Seperti yang telah dilangsir Tribunjogja, pelaku berinisial NBL (21) adalah salah satu mahasiswi semester 5 dari salah satu perguruan tinggi negri di Semarang. NBL sendiri adalah waga asli pekalongan.
Dari keterangan yang disampaikan kepada petugas, pelaku melakukan proses kelahiran bayinya sendiri, bayi tersebut adalah hasil hubungan intim yang dilakukan pelaku bersama kekasihnya. Bayi tersebut ia lahirkan pada hari jum’at (5/2) melalui persalinan sendiri tanpa dibantu orang lain.
 |
| Polisi Sedang Melihat TKP |
Karena bayi yang dilahirkan tersebut terus menangis, hal tersebutlah yang mengakibatkan pelaku menjadi panik, dan akhirnya pelaku membekap bayi tersebut dengan kain hingga bayi tersebut meninggal.
Setelah bayi tersebut meninggal pelaku membungkus jasad bayi tersebut kedalam kantong plastik. Yang aneh disini pelaku membawa bayi tersebut dari pekalongan, semarang, solo sampai jogja dengan menaruh kantong plastik berisi jasad bayi tersebut kedalam tas yang ia tumpuki dengan pakian dan ia bawa sampai jogja.
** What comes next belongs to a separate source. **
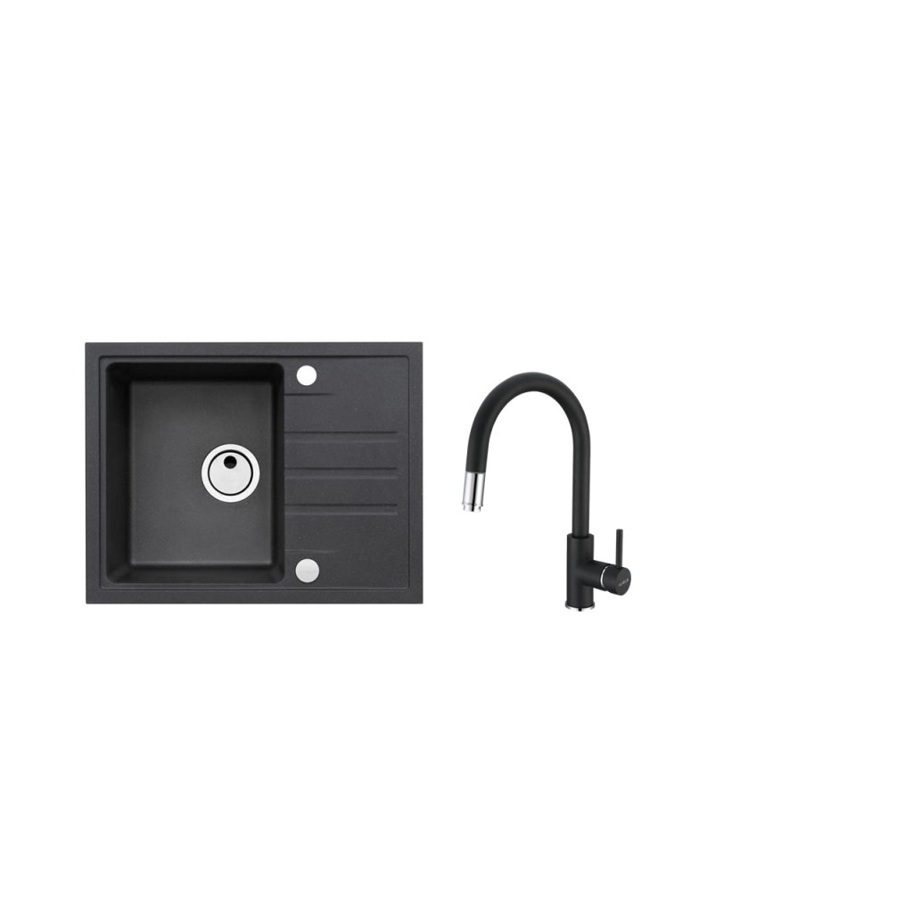 Vestavěný dřez, univerzál. Provedení : granitový dřez s odkapem Vnější rozměr: 595 x 475 mm Rozměr vaničky: 320 x 400 x 160 mm Exentrický sítkový ventil 3 1/2 s přepadem, sifon pro úsporu místa s odbočkou na myčku Úchyty a těsnění pro upevnění dřezu v balení S otvorem pro baterii Návod pro instalaci v obrázcích na obale Instalace do skříňky o šířce 450 mm Váha: 12,27 kg Rozměry balení (mm): 705x565x225 Vysokotlaká baterie otočné ramínko vytahovací sprška rozměr:207 x 380 mm provedení: barevný nástřikDoplňkové parametry

“pelaku membawa jasad bayi tersebut bersama saudaranya sampai jogja untuk berkunjung kerumah pamannya pada hari sabtu (6/2) atau lokasi TKP penemuan jasad bayi tersebut”, terang Kapolsek Mantrijeron, Kompol Totok Suwantoro.
Kemudian pada hari minggunya (7/2) pelaku mulai mencium bau busuk dari dalam tas yang ia bawa. Takut ketahuan akhirnya pelaku membuang bayi tersebut disamping rumah pamannya.
Akhirnya selasa (9/2) ketika pamannya tengah mebersikan halaman samping rumahnya, ia mendapati jasad bayi yang terbungkus kantong plastik dan melaporkannya kepada yang berwajib dan akhirnya pelaku diamankan.
“saat ini pelaku tengah dirawat RS Bhayangkara karena kondisinya yang kian memburuk pasca-melahirkan dan belum dapat perawatan”. Terangnya.
Sementara jasad bayi tersebut di Rumah sakit Sardjito Yogyakarta untuk di autopsi.